Monday, November 11, 2013

As Mother Lays Dying, the Family Struggles with Personal Identity

A tale of perhaps the most chaotic family in literature, William Faulkner's As I Lay Dying reveals multiple truths about family dynamics, including how individuality is very nature lenient, mainly toward the mother's influence. The death of their mother causes each Bundren family member to struggle with their individuality a midst the rest of their kin as they attempt to fulfill one collective promise to her, carrying her coffin to Jefferson for burial.

Faulkner, in the cases of two of Addie's sons, Jewel and Vardaman, uses the motif of two animals, a horse and a fish, to quite directly characterize the nature of their identities and connection with "mother". Jewel is a wild spirit and a man of action, he loves in his own way, sternly but sincerely. "Your mother is a horse," Darl says of Jewel, reflecting upon the relationship Jewel and his steed share. Faulkner comments on the inevitability of shared traits between a mother and child as the mirror image of Jewel and his horse is described as a mother-son relation. Vardaman, just before Addie's death, catches and cleans a fish for her. Through this action, he associates his mother with the gift, perhaps as an attempt to cling to her dying body by offering a sort of reincarnation option. Seeing the fish chopped and cooked for dinner, Vardaman slips into an incoherent babbling state for the remainder of the journey, intermittently exclaiming or muttering, "My mother is a fish." His connection with Addie must have been great, as her death and the death of his reincarnation of her leaves him amiss, unsure of who he belongs to and who he possibly could be.
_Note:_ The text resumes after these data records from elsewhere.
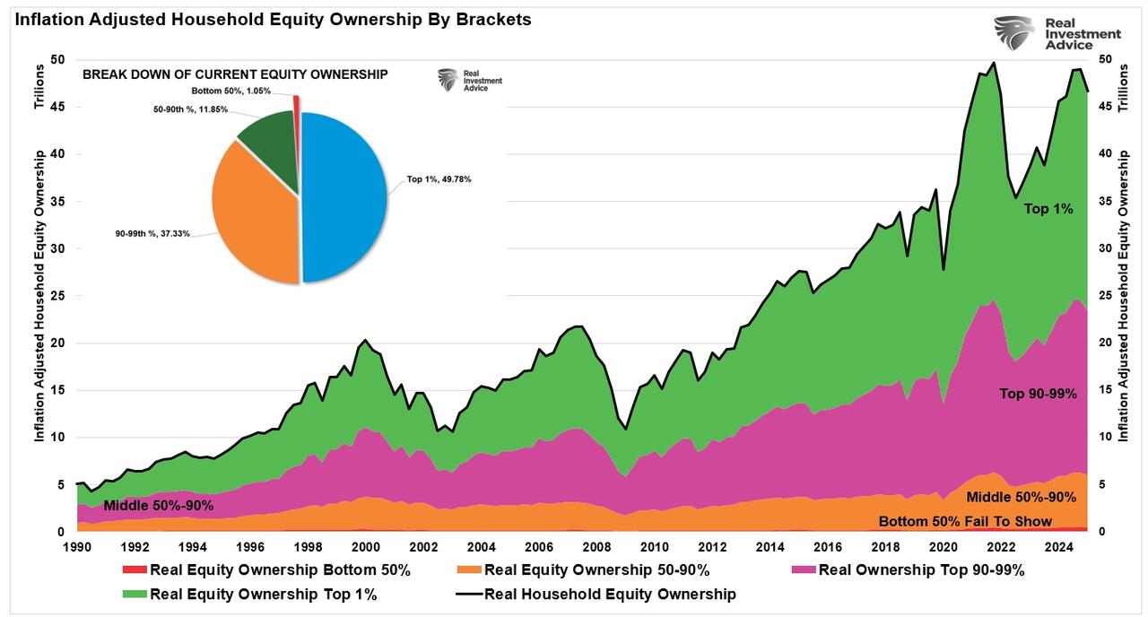 In today’s highly financialized economy, government spending does not circulate efficiently. As noted, much of it gets trapped in financial markets, inflating asset prices rather than stimulating productive investment. Ultra-low interest rates, another hallmark of Keynesian policy, discourage savings and encourage debt-fueled speculation. This distorts capital allocation, causing malinvestment in unproductive assets like meme stocks, speculative real estate, and unprofitable tech ventures. Most benefits remain trapped in the top 10% of the economy, which owns roughly 88% of the inflation-adjusted financial assets.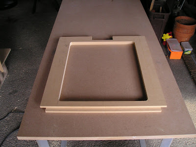 I was able to find a little bit of time over the weekend to get some more work done on the arcade cabinet. I finished making the last cuts on the bezel panel (cutting out the rectangle for the monitor). This proved to be a little more difficult than it sounds because I had no way of getting into the corners to make a perfectly square cut. I ended up eyeballing it and sanding - it came out OK but it will eventually be covered by the black posterboard bezel I'll be making to hide the monitor casing.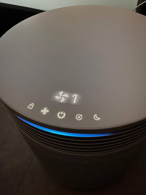 Nebenbei werden auf einem kleinen Display oberhalb der Tastenfelder die aktuelle Werte für PM10, PM2.5 und PM1 Belastung angezeigt. Zusätzlich zeigt ein Lichtstreifen in den Lüftungsschlitzen durch unterschiedliche Farben die gerade vorhandene Luftqualität an: Rotes Licht warnt vor starker Verschmutzung und blaues Licht gibt bei sauberer Luft eine Entwarnung.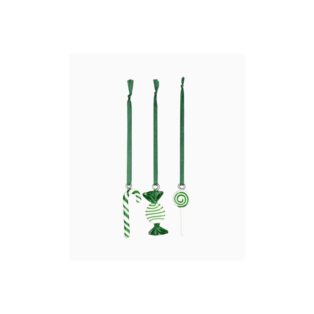 Komplet zawieszek cukierków 8 cm CHRISTMAS DECORATION GLASS SWEETS SET 3 - Green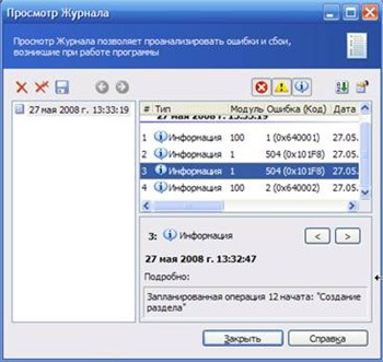 В программе ведется журнал событий, всегда можно просмотреть, что происходило с жестким диском, какие действия предпринимались самой программой. Это будет полезно, если мы забыли, как правильно совершить то или иное действие над жестким диском или выяснить последовательность шагов выполнения операции. У программы все ходы записаны (рисунок 10)!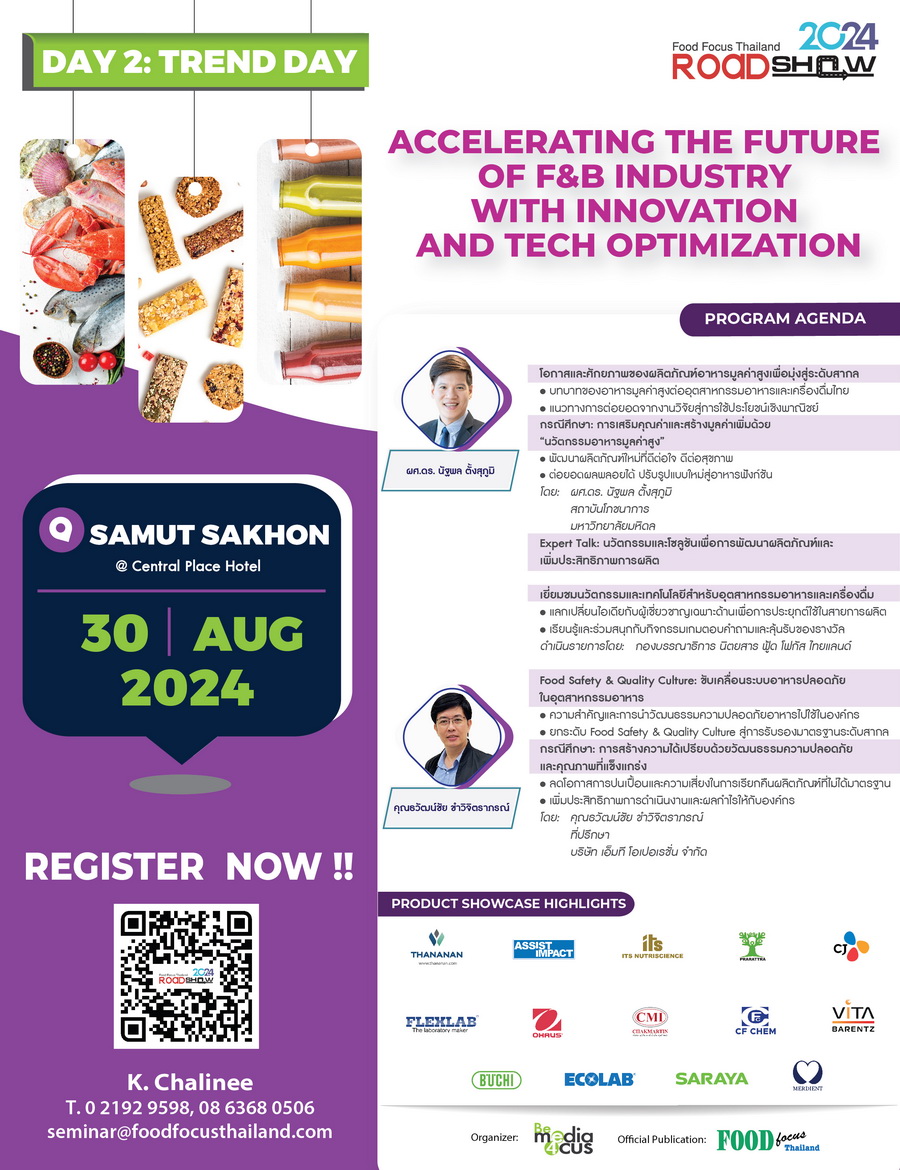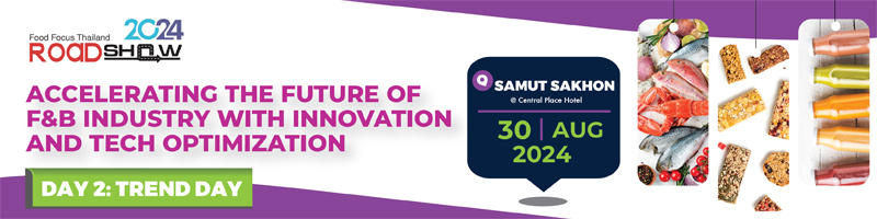 Food Focus Thailand Roadshow 2024 พร้อมเป็นส่วนหนึ่งในการร่วมผลักดันอุตสาหกรรมอาหารของไทยให้ก้าวสู่การเป็นศูนย์กลางผลิตและส่งออกอาหารระดับภูมิภาค (Regional Food HUB) พร้อมสนับสนุนให้อุตสาหกรรมอาหารและเครื่องดื่มของไทยเติบโตอย่างมั่นคงพร้อมรับมือวิกฤตอาหารโลก กับการจัดงานสัมมนาในธีม “ACCELERATING THE FUTURE OF F&B INDUSTRY WITH INNOVATION AND TECH OPTIMIZATION” ขับเคลื่อนอนาคตอุตสาหกรรมอาหารและเครื่องดื่มด้วยนวัตกรรมและเทคโนโลยี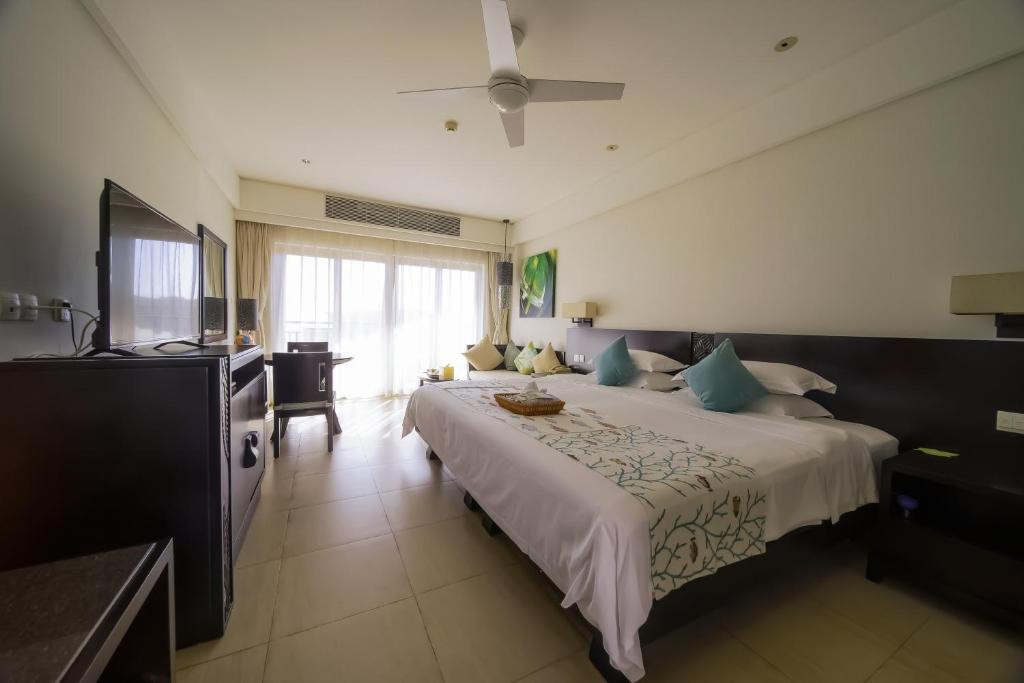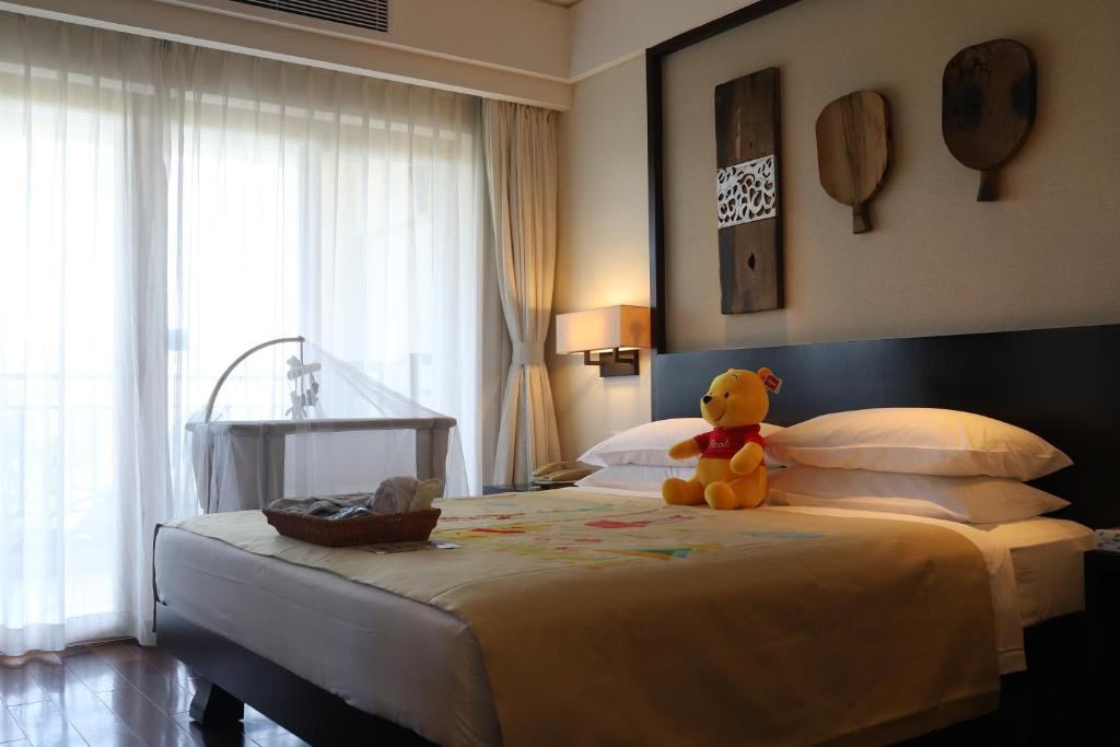 В центре бухты Санья-Бей, в 9 км от центра города Санья, в 6 км от международного аэропорта Sanya Phoenix, в 500 м от пляжа (на второй линии через дорогу).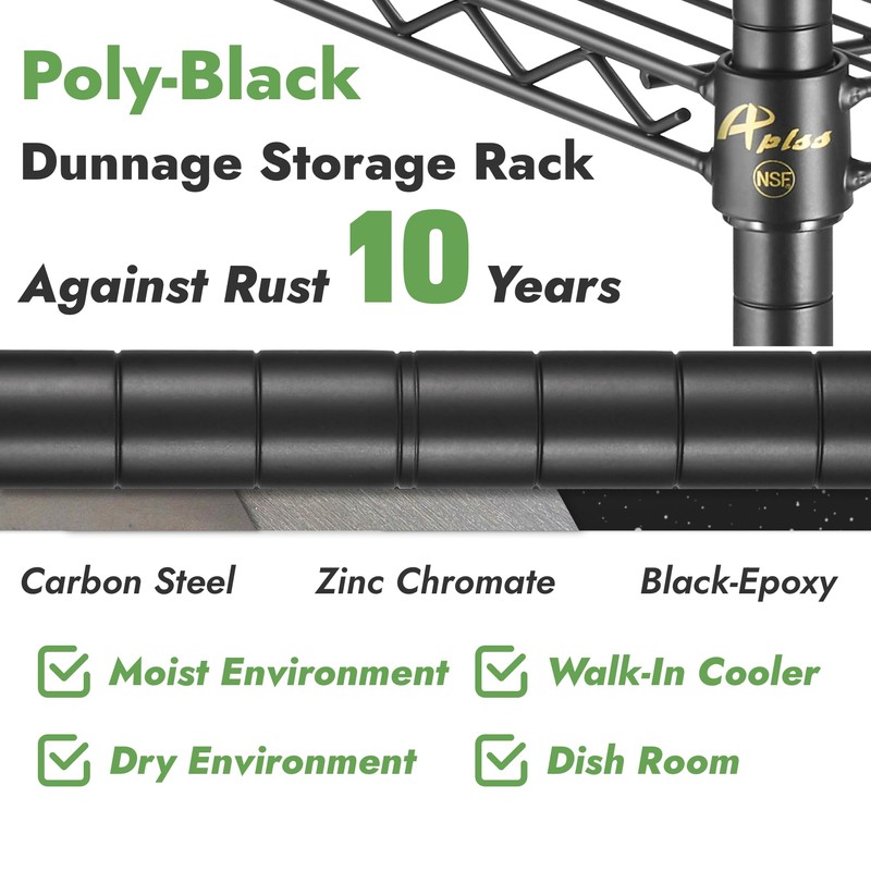 - Durable Construction: Our shelving unit is made with high-quality galvanized black epoxy resin, ensuring long-lasting durability and resistance to rust and corrosion in both dry and moist environments.

The children's' relationships with Anse, their father, is much less emphasized. They inherited his selfishness in that the journey to Addie's eventual grave becomes an opportunity for errand running, but Anse's caliber of laziness is unmatched.

Faulkner's dominant character, who, ironically, happens to be dead, brings forward an interesting sub-question to my question of nurture. Does the mother have more of an influence than the father? In this case of the spunky, demanding Addie Bundren, an strong argument for the power of a mother's relationship with her children's future identities can be made.